Modulation of ADH activity in Zymomonas mobilis provides significant flux redirection away from ethanol 运动单胞菌ADH活性的调节提供了远离乙醇的重要通量重定向。

IF 3.7 3区生物学 Q2 BIOTECHNOLOGY & APPLIED MICROBIOLOGY

Enzyme and Microbial Technology

Pub Date : 2025-11-08 DOI: 10.1016/j.enzmictec.2025.110777

Arun Thapa, Ngangom Pravina Devi, Ashish Misra

Zymomonas mobilis has an extremely high specific glucose uptake rate and produces ethanol at high yields and productivities. For synthesizing products beyond ethanol in Z. mobilis, reducing ethanol yields is a major challenge. Previous efforts have sought to decrease PDC activity to minimize ethanol formation. Here, we sought to modulate ADH (encoded by adhA and adhB genes) activity to redirect flux away from ethanol.
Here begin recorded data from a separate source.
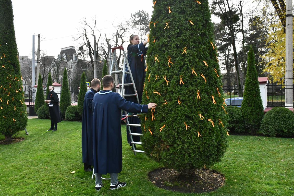 The end of November marks, at an international level, the period when attention is directed to the prevention of gender-based violence. The National Institute of Justice is also joining the "16 Days of Activism Against Gender-Based Violence" campaign this year. As a sign of solidarity, the INJ audience today decorated the fir trees in the courtyard of the institution with orange ribbons – a symbolic gesture that reminds of the importance of empathy, respect, responsibility and support given to those affected by violence.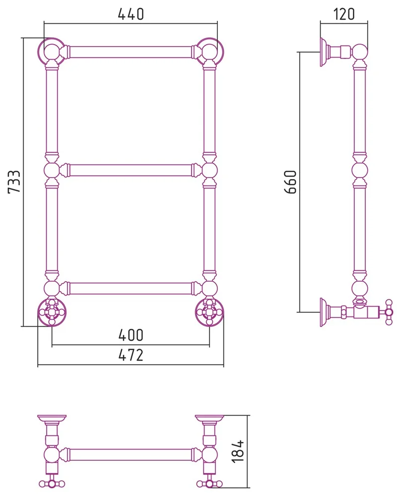 Полотенцесушитель водяной Сунержа Ренессанс 1304 660х400 30-0280-6640 Матовый белый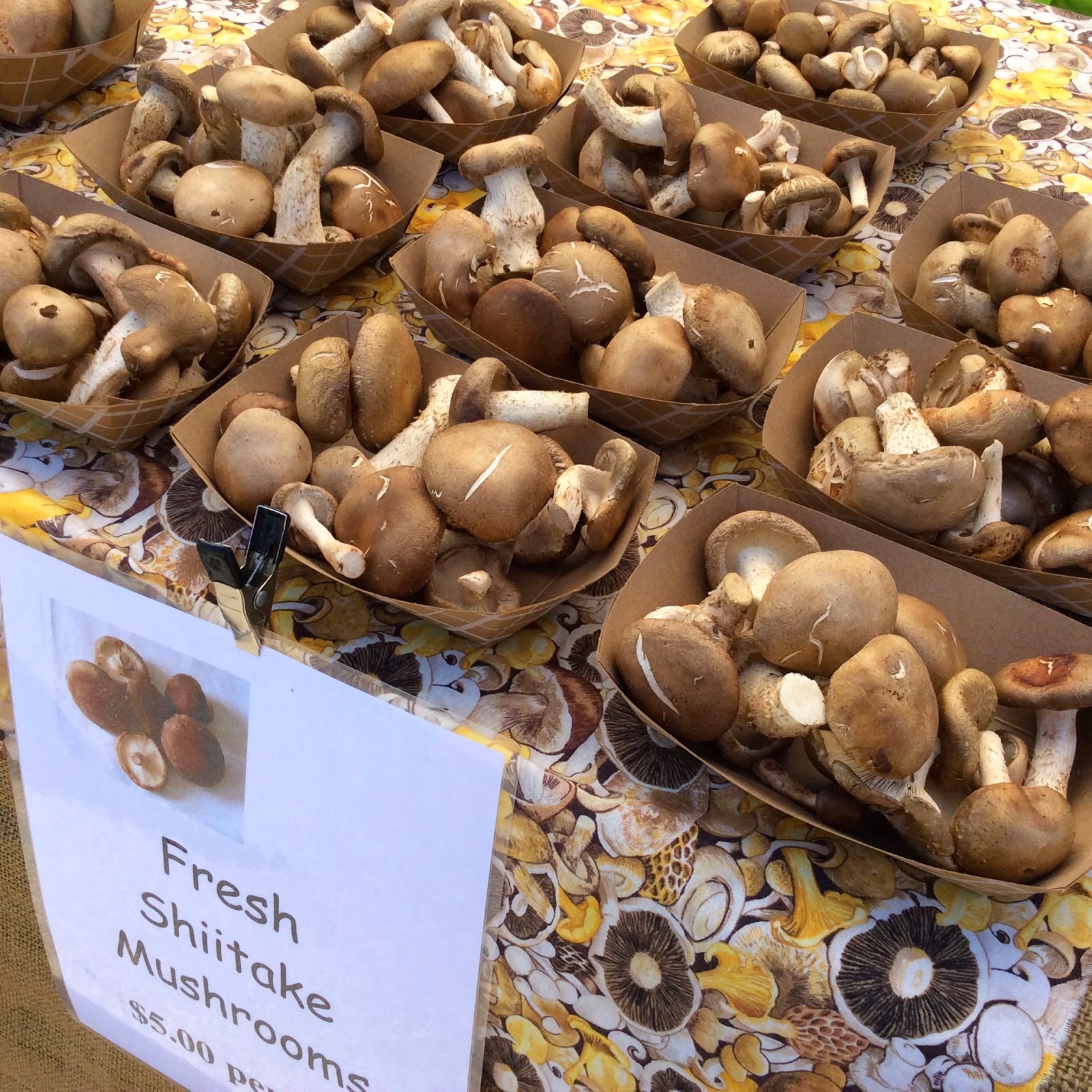 | Fresh shiitake mushrooms from my local Farmer's Market. |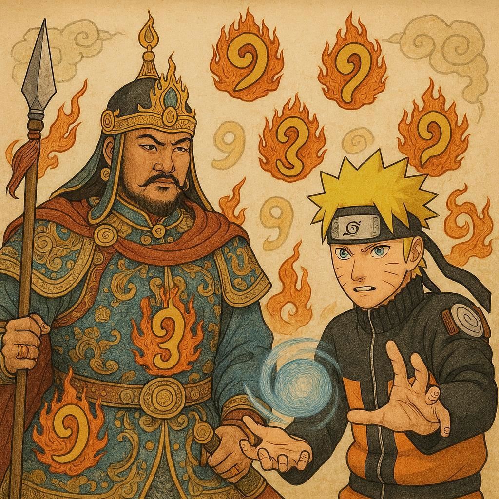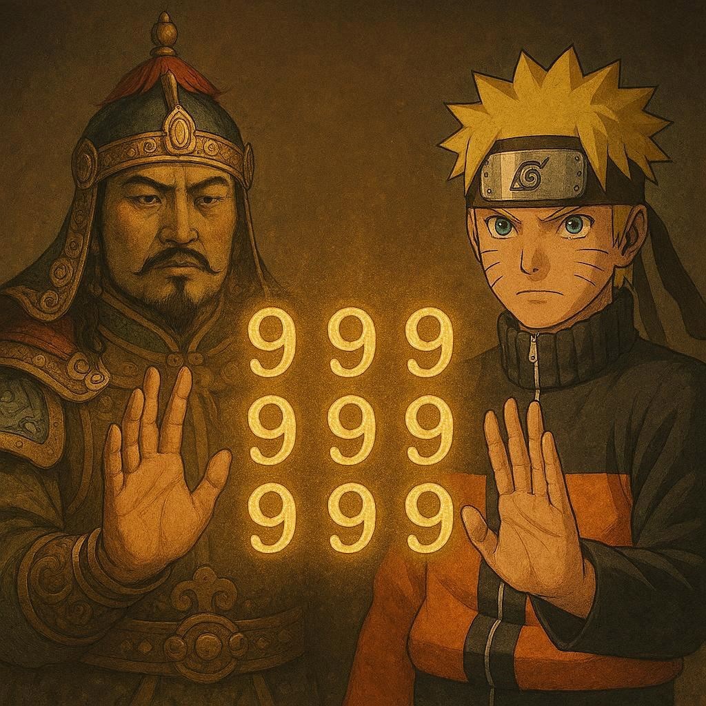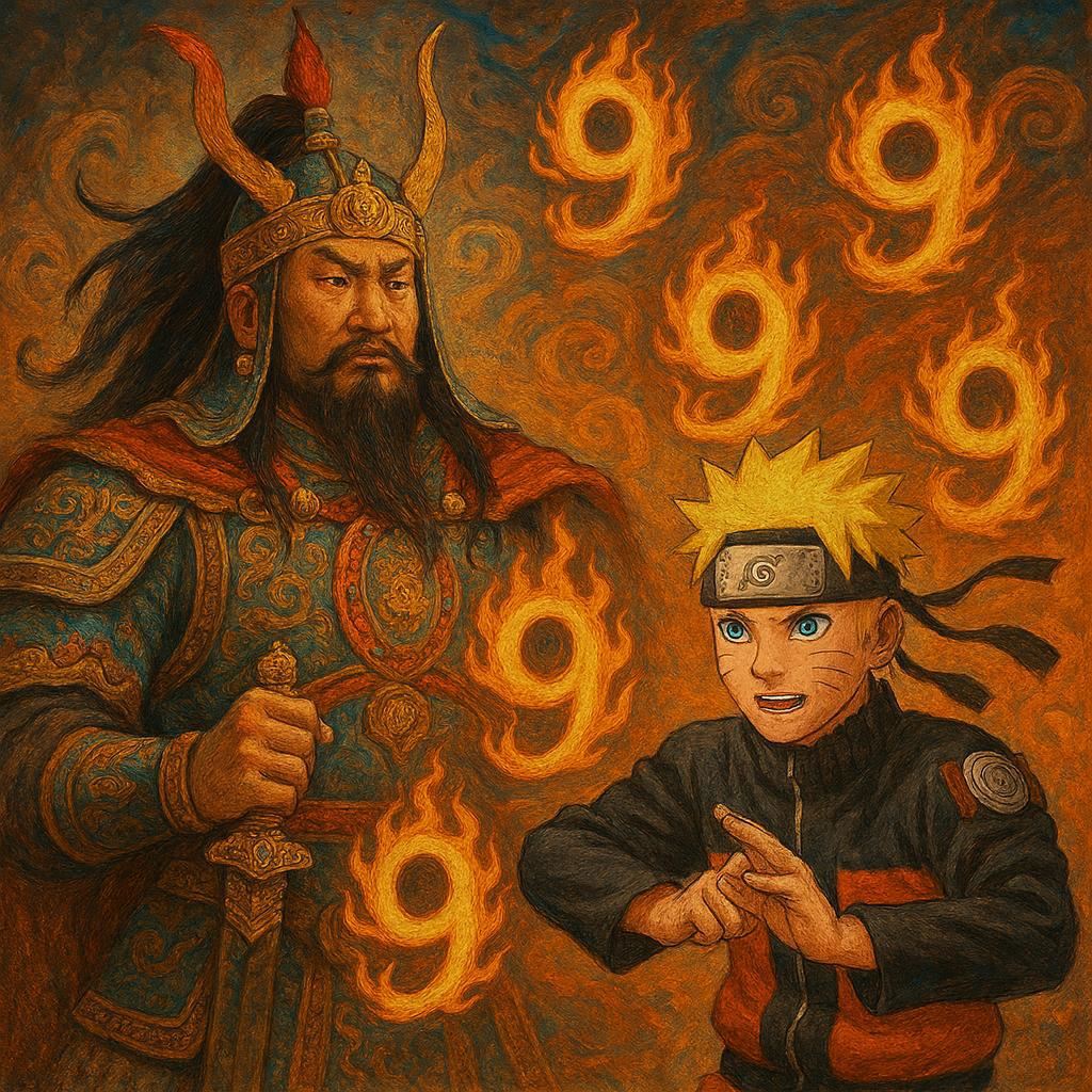 В мифопоэтической традиции многих культур число девять обладает особым сакральным статусом, символизируя полноту, предел, цикличность и божественную мощь. Это число, возведённое в степень (девять девяток), становится гиперболизированным выражением абсолютного совершенства, конечной точки перед переходом в новое качество (10 как возврат к 1 на новом уровне). Данное эссе исследует трансформацию этого архетипического символа на примере монгольской мифологии и его удивительные параллели в популярной манге и аниме «Наруто» Масаси Кисимото. Мы проследим, как концепция «драгоценности девять девяток» и образ девяти могущественных существ находят своё отражение в ключевых элементах вселенной «Наруто»: плаще Мудреца и Девяти Хвостатых Зверей, а также рассмотрим возможные культурные мосты между этими традициями.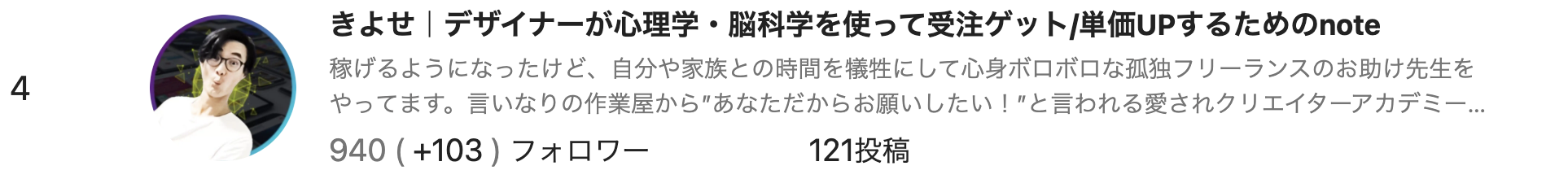 きよせさんも、時間がある時は自在にフォロワーを増やせるコツを掴まれています。ただ、他のメディアからのアクセス流入を使わずに1日100フォロワー増は、本当に素晴らしい!僕も達成した事がありません。卓越したマーケティングスキルと実績を既にお持ちなので、記事のタイトル選定の良さも効いていると思います。(noteは24時間で最大100フォローまでとなっています。)

We found that deletion of adhB combined with co-expression of a heterologous NAD(P) regenerating enzyme (L-LDH) diverted more than 50 % of carbon flux away from ethanol formation. The sequential deletion of adhA in the adhB-deleted strain led to ∼90 % reduction in ADH activity. During batch growth, the strain showed ∼90 % reduction in ethanol titres (27 mM) compared to WT (209 mM) and significant flux redirection toward L-LA formation (169 mM). The results demonstrate that modulation of ADH activity by deletion of adhA and adhB genes is an effective strategy for rediverting flux toward products beyond ethanol in Z. mobilis.

活动单胞菌具有极高的特定葡萄糖摄取率，并以高产量和生产率生产乙醇。在草中合成乙醇以外的产物，降低乙醇产量是一个主要的挑战。之前的研究一直致力于降低PDC活度，以减少乙醇的生成。在这里，我们试图调节ADH（由adhA和adhB基因编码）活性，使其从乙醇中转移出去。我们发现，adhB的缺失与异种NAD(P)再生酶（L-LDH）的共表达将超过50% %的碳通量从乙醇形成中转移开。在adhb -缺失菌株中，adhA的顺序缺失导致ADH活性降低~ 90 %。在批量生长过程中，与WT（209 mM）相比，菌株的乙醇滴度降低了约90 %(27 mM)，并显著地向L-LA形成方向转移（169 mM）。结果表明，通过删除adhA和adhB基因来调节ADH活性是一种有效的策略，可以将流量重新转向乙醇以外的产物。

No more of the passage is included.